The children came running out, happily calling to each other as they took their various routes home.  Morgan farewelled her classmates and was soon heading towards the town into the main shopping area. This made it easy for him to follow but soon he became bored as the child dawdled along the rows of brightly-lit shop windows, as children are wont to do. He expected her to turn off toward the new town area where the lower class housing estate was situated, but instead she turned away and continued along the main road leading out of the town.  He hurried after her not wanting to be left behind. He cut a ridiculous figure ducking into bushes and hiding behind trees like some comic sleuth. Still he was sure he could accomplish his mission without too much trouble.  Soon he was having second thoughts, the child continued on the road leaving the town behind. 

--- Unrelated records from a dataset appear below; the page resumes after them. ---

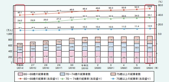 [図表]高齢者の年齢階級別、就業者数及び就業率の推移出所:内閣府「令和7年版高齢社会白書(概要版)」より引用
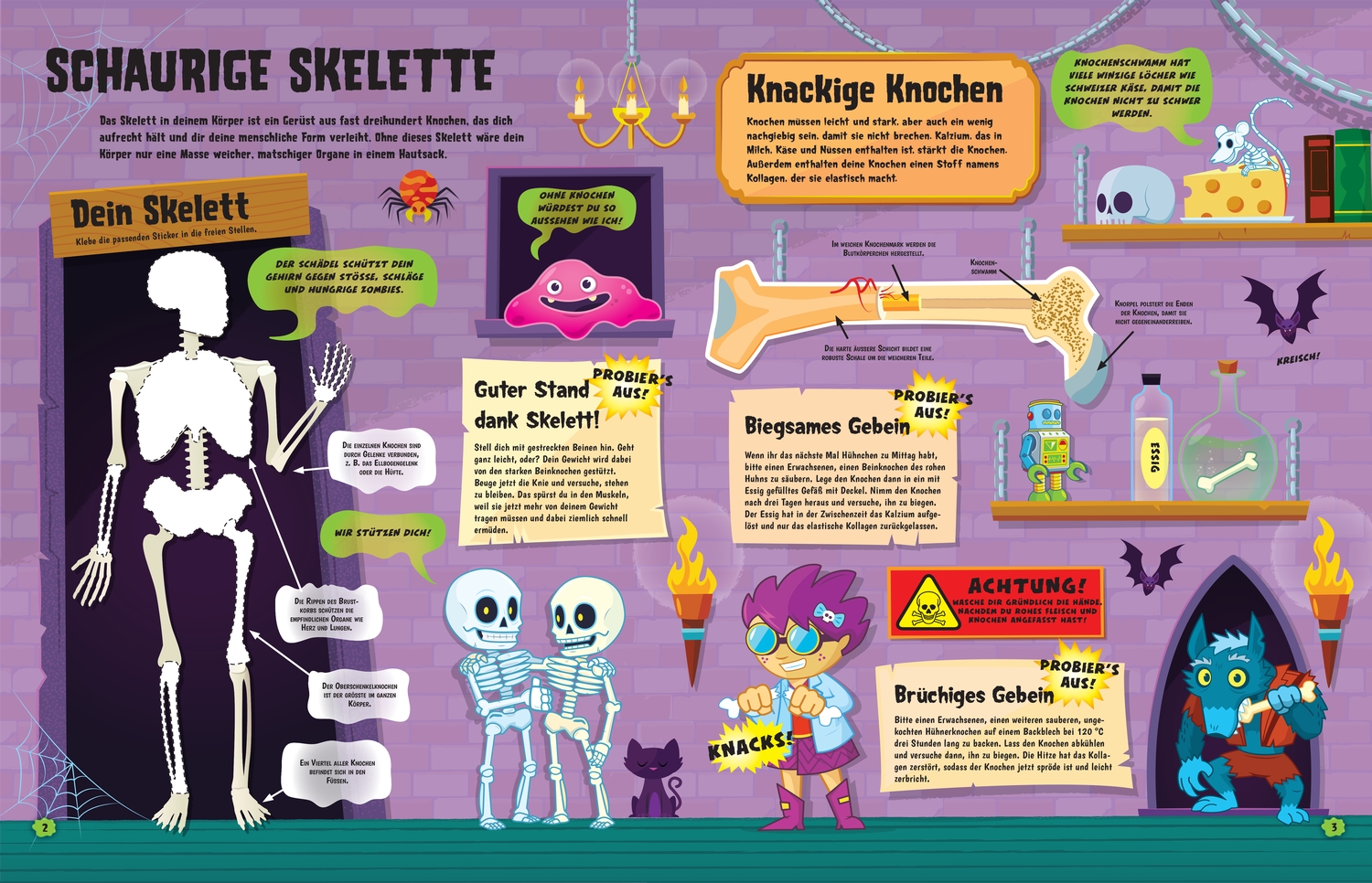 Es wird gruselig und monstermäßig gut. "Unser Körper" ist ein Experimentier-, Sticker- und Bastelbuch, das rund 30 spannende naturwissenschaftliche Projekte rund um den menschlichen Körper vereint. Dabei geht es zu wie bei Frankenstein, denn es wird anhand von Monstern erkundet, wie der menschliche Körper aufgebaut ist. Im Mittelpunkt steht die kurzweilige und unterhaltsame Beschäftigung mit dem Körper durch unterschiedliche kleine Projekte, die Schritt für Schritt zu Hause mithilfe der enthaltenen Bastel- und Stickerbögen sowie einiger weiterer haushaltsüblicher Gegenstände erledigt werden. Dazu gehören der Bau eines 3D-Skeletts und eine 3D-Zombiehand aus Karton, die Fertigung von essbarem Schnodder und vieles mehr. Ein monstermäßiger Spaß!
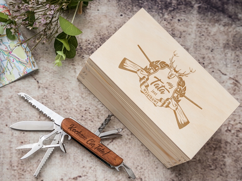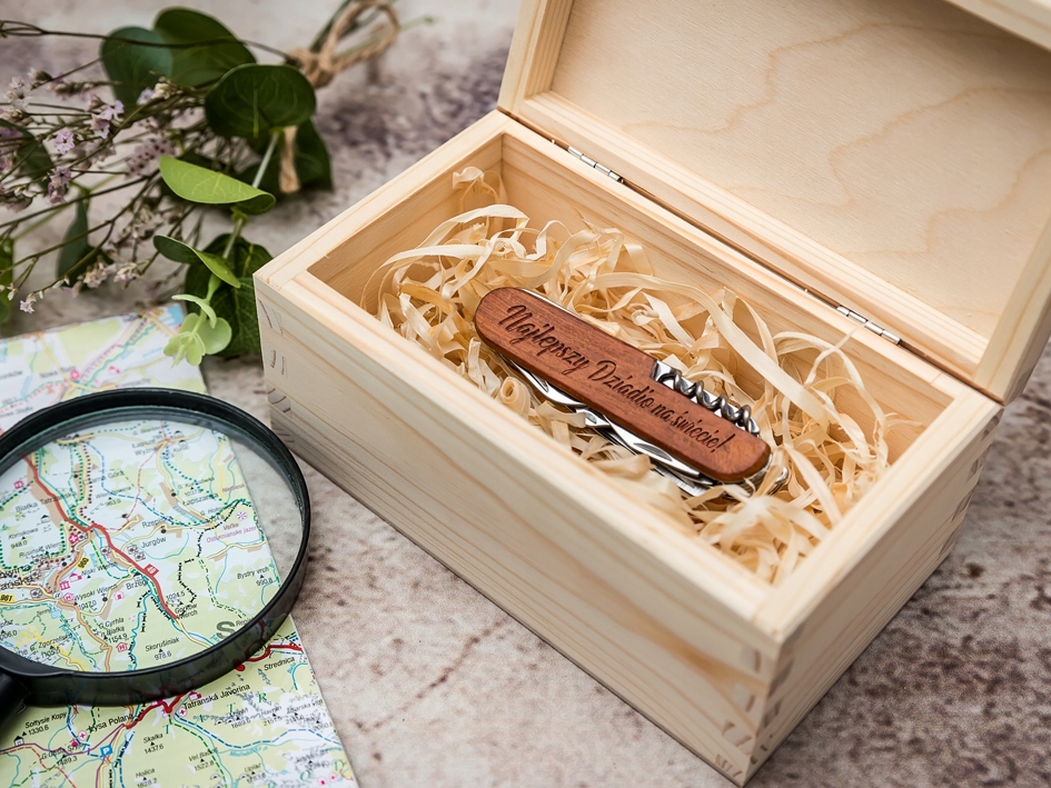 канцелярська дерев'яна скринька + ім'я з гравіюванням ПОДАРУНОК на день народження ТАТА ДІДУСЬ
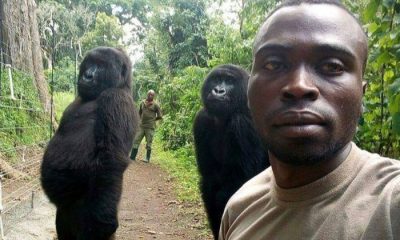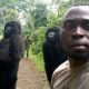 Две горили се фотографирани како позираат на опуштено селфи со ренџери, кои ги спасиле како бебиња. Фотографијата е направена во сиропиталиште во Националниот парк Вирунга, во...
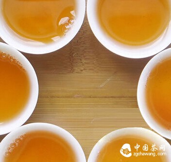 汤色:发酵度较轻者多为深红色,发酵重者以黑色为主。
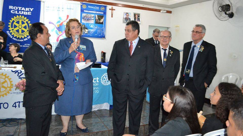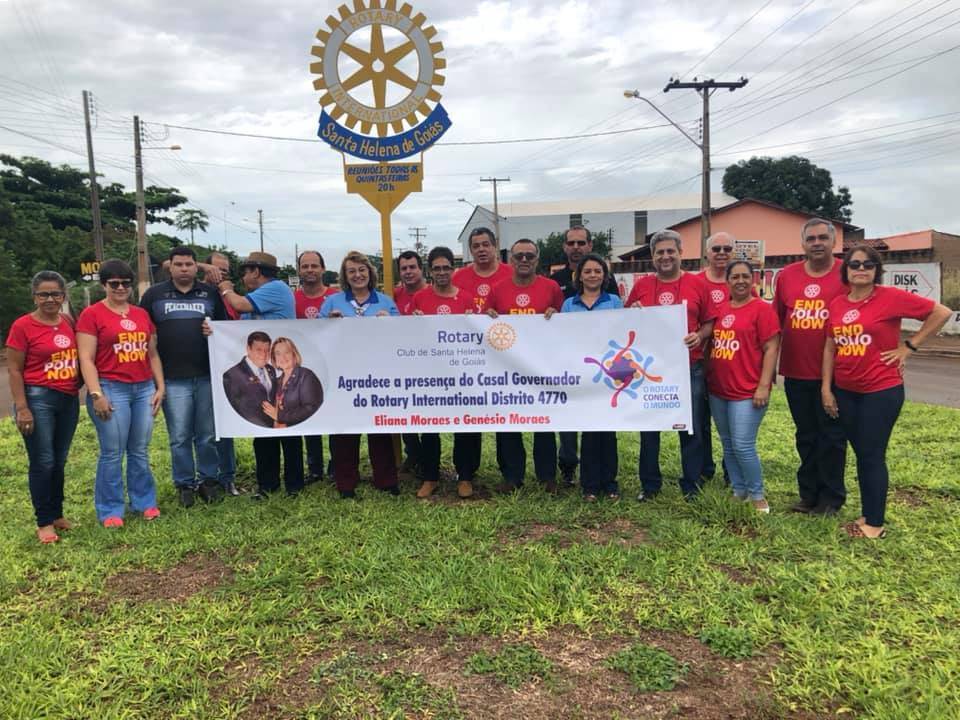 Na quinta-feira (12/12/2019), o Casal Governador do Distrito 4.770 do Rotary Clube do ano rotário 2019/2020, Eliana de Melo Machado Moraes e Genésio, visitou o Rotary Club de Santa Helena de Goiás e cumpriu uma extensa agenda social e de trabalho. O casal foi recepcionado pelos companheiros do Rotary Club de Santa Helena de Goiás no Marco Rotário e começou as atividades com uma entrevista à Rádio Santelenense. Durante a visita o Casal Governador visitou algumas obras que estão sendo realizadas por parceiros de programas desenvolvidos pelo Rotary Club, entre eles a construção de uma creche e Lar dos Idosos. Na oportunidade a Governadora Eliana conheceu de perto o Projeto de Reflorestamento e Nascente do Córrego Pedrãozinho que já dura há dois anos, onde ela plantou duas arvores. O Casal Governador foi recebido pela Primeira Dama Dra. Renata e pelo Vice Prefeito Sr. Agenor, pois o Prefeito Municipal Dr. João Alberto estava viajando. Logo em seguida a Governadora participou de um animado bate papo com o Professor Guto no Programa Academia da Fé na Radio Santelenense onde foram abordados vários assuntos ligados ao trabalho do Rotary local. A visita também serviu para que a Governadora se encontrasse com o Conselho Diretor do Clube local, onde trabalharam as diretrizes para o ano rotário 2019/2020. Já a noite foi marcada por um encontro, onde os rotarianos, visitantes e vários convidados recepcionaram o Casal Governador em uma festiva para celebrar a visita e também dar posse aos novos associados. A Governadora Eliana aproveitou o momento para homenagear aos Companheiros Fabio, Ernesto, Celiomar e Clesistonio que muito contribuíram para os 35 anos que o clube celebrará em 2020 colocando -lhes botons na lapela. Foi um dia muito intenso e de muito companheirismo.

She turned off the highway and took a path leading up into the surrounding hills, higher and higher she climbed never once looking back. The rotund priest found the going hard, his breath was coming in painful gasps and perspiration ran down his face.  Still higher she climbed and he began to think she was well aware of his presence and had deliberately chosen to lead him along this gruelling path, to punish his persistence. 

Then, as if she had read his thoughts she paused by a large boulder, turned to face him raising her hand in acknowledgement of his presence before she disappeared behind it.  Running to the spot the priest quickly passed the rock, but the child had gone, he could find no trace of her anywhere.  He sat down to catch his breath and wondered what his next action should be. The answer was only too clear.  He would have to return empty handed to the town.  On beginning the long walk home he had cause to give thanks that it was all down hill, having to concede that he was not built for this kind of activity.